In Baker v. Baker, Not Reported in F.Supp.3d 2015 WL 249009 (2015) the district court granted respondent David Baker’s (“Father”) Motion to Amend the Voluntary Return Order. On December 19, 2014, petitioner Lisa Jane Baker (“Mother”) filed her complaint. On December 23, 2014, the court issued a Show Cause Order, setting a hearing on January 6, 2015. At the hearing, the Father voluntarily agreed to return the children to the Mother in England. The parties had been working on a proposed voluntary return order and continued working on that order during the hearing. From the bench, the court ruled on the parties’ remaining disagreements, incorporating most of that proposed order in its ruling. On January 14, 2015, the Father filed a motion requesting that the voluntary return order be modified to reflect the following: Father will be accompanying the minor children on the flight to England.• The airport will now be the Manchester, England Airport, which is apparently 140 miles closer to Mother’s home than London’s Heathrow Airport. According to the Father, the Mother did not oppose these arrangements, but the Mother did request any modified order also include language such as “The Father will deliver the minor children to the Mother as soon as the minor children exit the international arrivals hall.” The Father objected to that language because it addressed the custody of the children, which the Father argued was outside this court’s jurisdiction under the Hague Convention on the Civil Aspect of International Child Abduction.

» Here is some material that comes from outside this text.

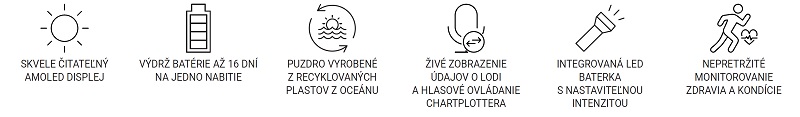 Okrem funkcií pre navigáciu a pobyt na vode sú hodinky vhodné aj pre potápanie (do 40m), majú vodotesné tlačítka, kovový kryt snímačov a jasný 1,4” AMOLED displej so zafírovým sklíčkom, ktoré je mimoriadne odolné voči poškriabaniu. Aplikácie na plachtenie a jachting poskytujú údaje na sledovanie času stráveného na vode. Navyše vďaka upozorneniam na blížiaci sa príliv a odliv a ťahanie kotvy budete na vode vždy v strehu. K dispozícii sú aj funkcie plachtenia, ako napríklad pomoc pri plavbe, navigácia na štarte pretekov a časovač regaty.

         The district court observed that the  cornerstone of the Hague Convention is the mandated return of the child to his or her circumstances prior to the abduction....”In this case, the status quo prior to the Father’s alleged “abduction,” was the return of the children to England because all parties—the Father, the Mother, and minor children—lived in England. Because the Father’s proposed modifications did not alter the return of the children to England, the court modified its previous order. The court’s previous order assumed the children would be flying unaccompanied because Father could not afford to fly the kids and him. Therefore, the court’s order stated that the children “shall be returned to [the Mother].” However, that language merely reflected the only option at the time: The Mother would receive the children because the Father was not accompanying them. In other words, the Mother was the only logical person to receive the children upon their arrival in England. The court stated that it did not intend to make findings concerning the minor children’s custody, whether in the United States or England. Additionally, the court’s previous order, as written, limited the Father’s ability to accompany the children to England. The original order directed the Father to take certain actions when dropping the kids at the airport for their return flight. For instance, the Father is to accompany the children to the gate, deliver the children’s United Kingdom passports to the check-in clerk, and wait until the plane has departed before leaving. The previous order’s language made it impossible for the Father to comply with the court’s order and accompany the children. The court could not enforce the status quo, as mandated by the Hague Convention, by denying the Father’s ability to accompany his children back to England. The status quo involved the entire family unit—the Father, the Mother, and the children—in England. In other words, the status quo was not the Mother and the children in England and the Father in the United States. The court amended its previous order because the status quo remained restored even with the modifications below and directed, inter alia, that the Father would accompany the children on the flights to Manchester, England.